The interest rate market has a 75 basis point rate hike priced in for tomorrow's Fed meeting.
Let's revisit the Fed's projections from their June meeting.
They revised down their 2022 estimates on GDP growth by more than a percentage point (to 1.7%). They revised UP unemployment (but still well under 4%). And they revised UP inflation.
So, slower growth, higher inflation.
We've seen it.
Back in June, they also revised UP, dramatically, their projection for where the Fed Funds rate would sit at year end — to 3.4%.
If they follow through with a 75 basis point hike tomorrow, in line with expectations, they will get the Fed Funds rate up to 2.25%-2.50%.
But remember, as we discussed yesterday, this will put the Fed Funds rate very close to where the Fed was forced to stop and reverse it's tightening campaign in 2019.
Why did they stop and reverse?
Things started breaking in the financial system. And emerging markets were under the stress of capital outflows, driven by rising U.S. interest rates (threatening a global sovereign debt crisis).
Not only did they cut rates in July of 2019, they quietly stopped shrinking the balance sheet and restarted QE by late summer.
With all of the above in mind, despite the continued jawboning and "guidance" the Fed continues to promote, we've discussed the likelihood that tomorrow's hike could/should be the last in this tightening cycle — for no other reason than the financial system and global debt markets can't withstand higher rates.
Now, consider this …
We still have $6 trillion of money supply growth in the U.S. economy over the past two years. That's an increase in the money supply by one-third. It's ten years of money supply growth in two years. The result? A reset in prices higher (i.e. a devaluation of money in your pocket).

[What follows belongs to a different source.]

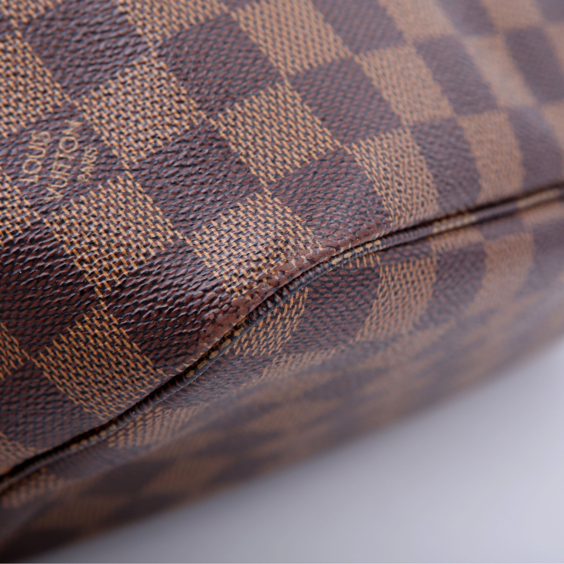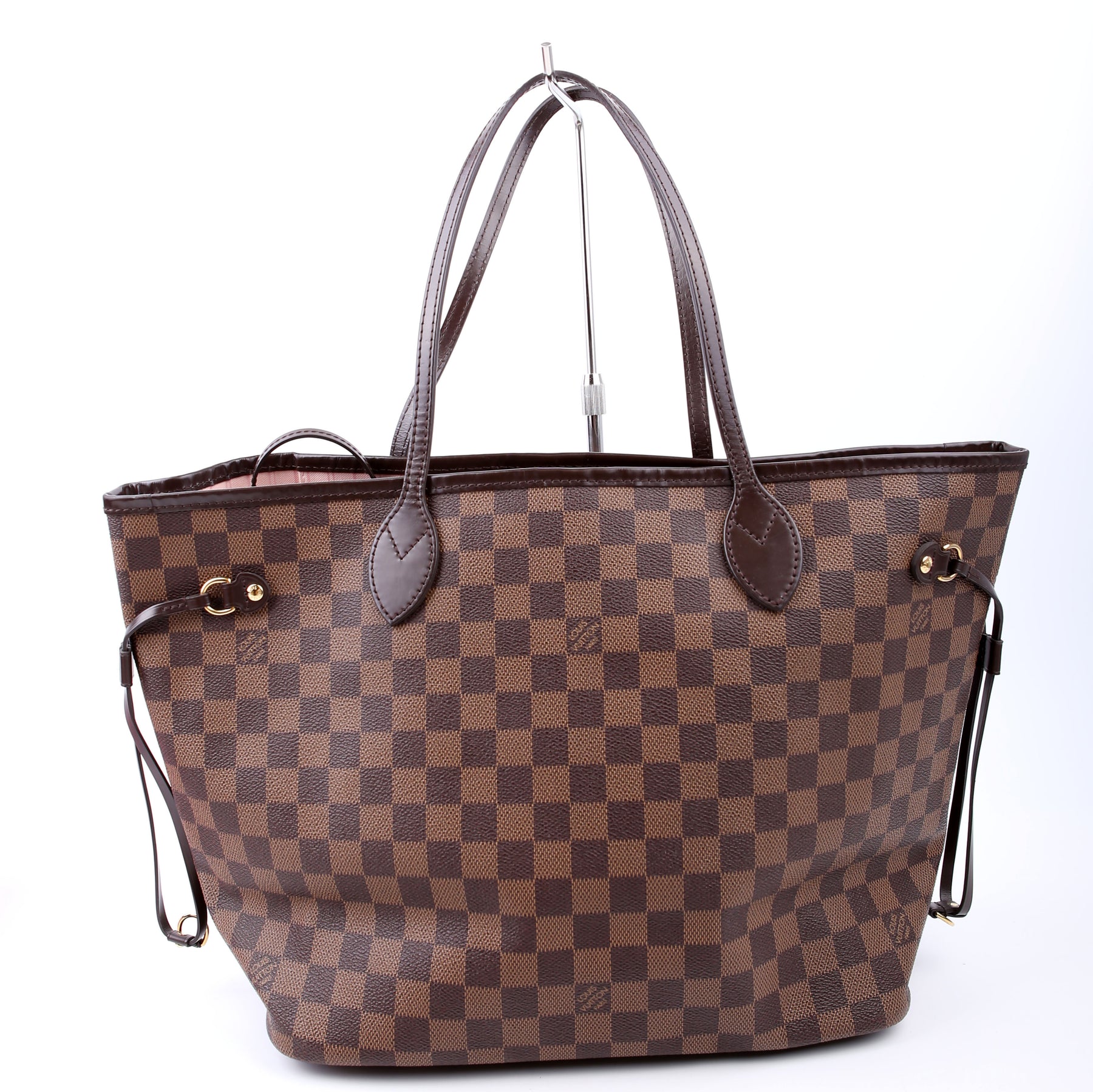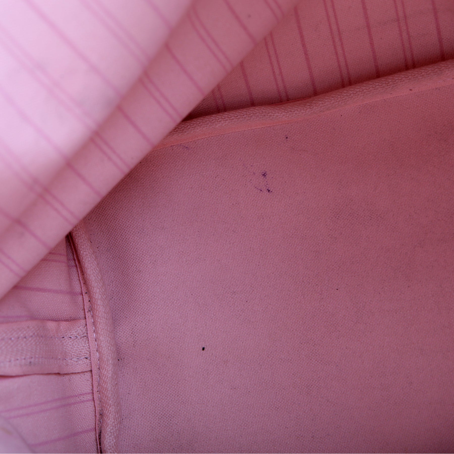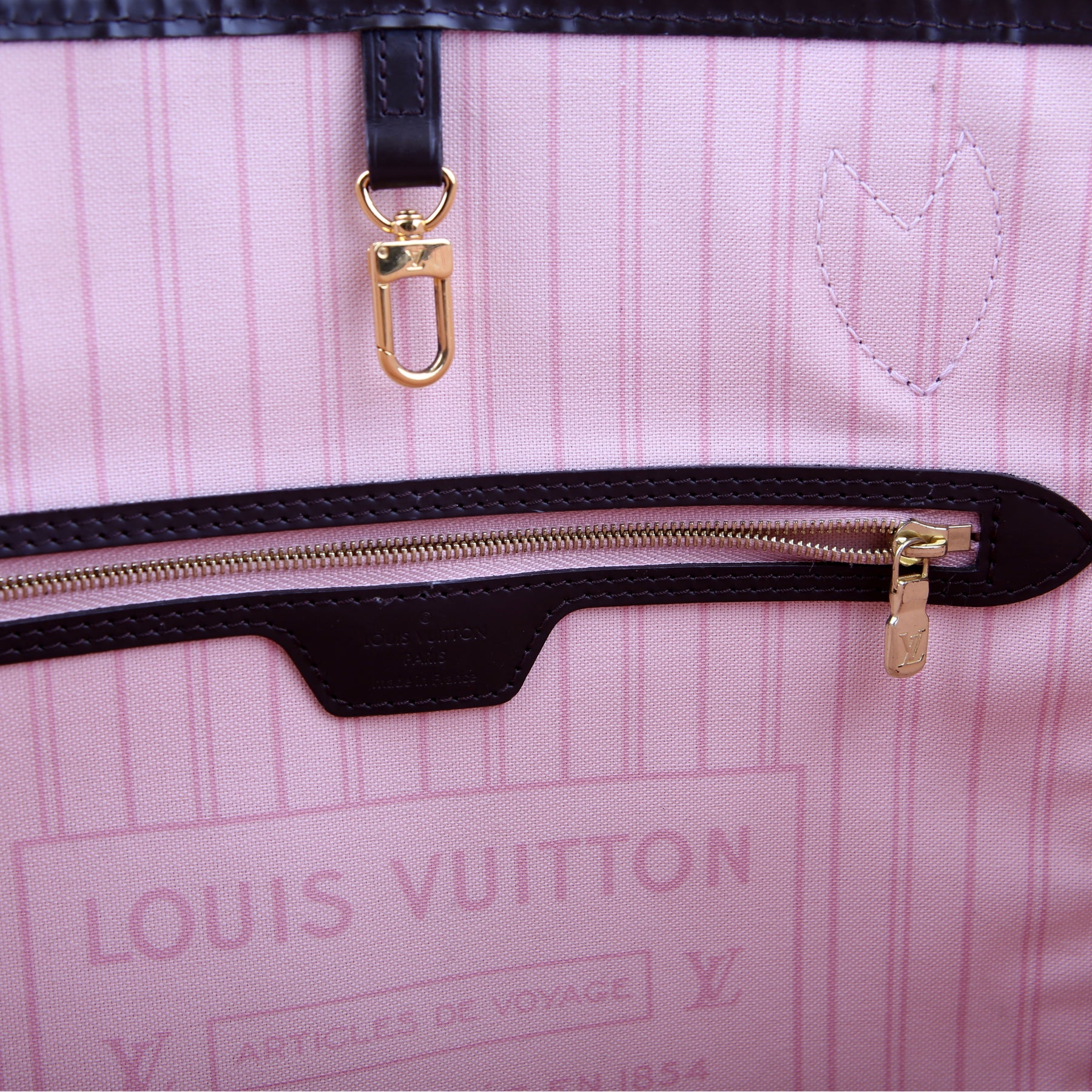 This pre-owned Louis Vuitton Neverfull MM W/Wallet is guaranteed 100% authentic. The exterior is in the classic Louis Vuitton Damier Ebene coated canvas.

Still, fiscal policymakers are so (not) concerned about this rate/inflation conundrum that they (the Senate) have just approved another $280 billion fiscal spend.
This is the "Chips Act," of which only 19% goes directly toward subsidies for chip makers.
That leaves $228 billion worth of handouts allocated in the name of "research." The section-by-section summary at senate.gov is littered with money for "energy." This looks like Build Back Better lite.
More fiscal spending, with monetary policy tools exhausting, is a formula for higher asset prices.